HISTORY OF WAT OPOT
The Wat Opot Children’s Community was founded by Wayne Dale Matthysse and Sann Vandin, co-founders of Partners in Compassion Cambodia. To learn more about Partners in Compassion Cambodia, please see our website (http://www.partnersincompassioncambodia.com)
Gail Gutradt writes about Wat Opot Children’s Community
Wayne Dale Matthysse, Director of Wat Opot Project, was a Marine medic in Vietnam during the war. Half-blinded while tending to the wounded in a battle near Da Nang, he was the single survivor, and his conscience drew him back to South East Asia to offer service to the people affected by the war. He wound up in Cambodia, volunteering for COERR, a Catholic relief agency. There he met Vandine Sann, who had been training monks in the villages to teach AIDS awareness and prevention, and helping families of the infected to care for victims of the burgeoning AIDS epidemic. Together Wayne and Vandine formed Partners in Compassion, a non-governmental organization embodying the commitment of Wayne, an American Christian, and Vandine, a Cambodian Buddhist. They took over a small clinic located on five acres donated by a Buddhist temple named Wat Opot, and began a program of community education and caring for people dying of AIDS. That was in 2001, and there were no anti-retroviral medicines available in Cambodia.
In 2003, Medicins Sans Frontiers Belgium (MSF, Doctors Without Borders) was looking for a location in Cambodia to begin a program of distributing anti-retroviral drugs. MSF needed to locate near an existing facility to be sure someone was available to monitor drug compliance, provide transportation for patients, supervise home care and community education in AIDS prevention and treatment. Because Wat Opot Project already existed and had a strong relationship with the surrounding villages, MSF decided to open a clinic nearby and began distributing ARV drugs to Wayne’s patients and to village people who needed them.

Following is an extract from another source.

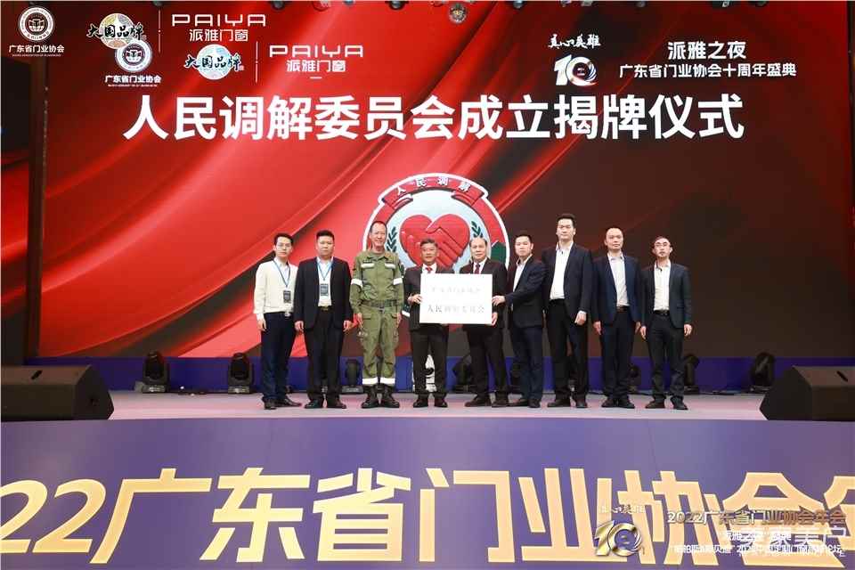 经佛山市南海区司法局研究批准广东省门业协会人民调解委员会的设立及人员组成情况,符合有关条件,同意设立广东省门业协会人民调解委员会。晚宴现场,广东省门业协会人民调解委员会正式揭牌。
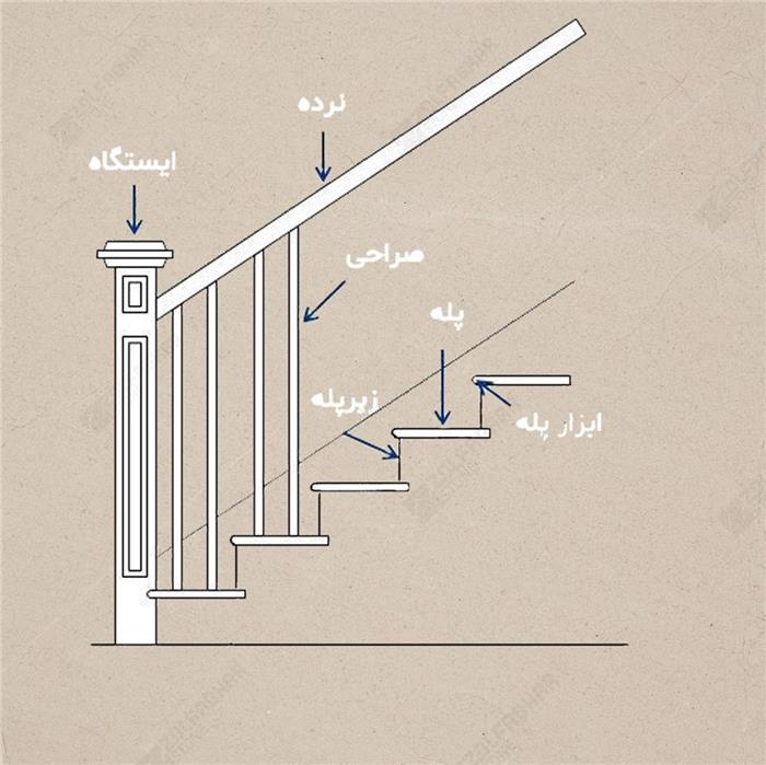 یک ست پله شامل سنگ پله، سنگ زیرپله، ابزار پله، صراحی یا نرده سنگی، نرده و ایستگاه می باشد .

In a short time, Wat Opot Project was transformed from a hospice for the hopeless to a community of people affected by HIV/AIDS. Unique in Cambodia, where fear and ignorance of AIDS and its causes abound, where infected people can be shunned or stoned or worse, Wat Opot today is an intentional community where people with and without AIDS live together as family. There are beds, food, a school, a clinic with medical care available to people in the neighboring villages, and dozens of happy, energetic children who are no longer dying, but realizing that they can grow up, get an education, and live decent lives. They are the first generation to face the challenge of growing up with AIDS, and Wayne and Vandine and the children of Wat Opot are writing the book.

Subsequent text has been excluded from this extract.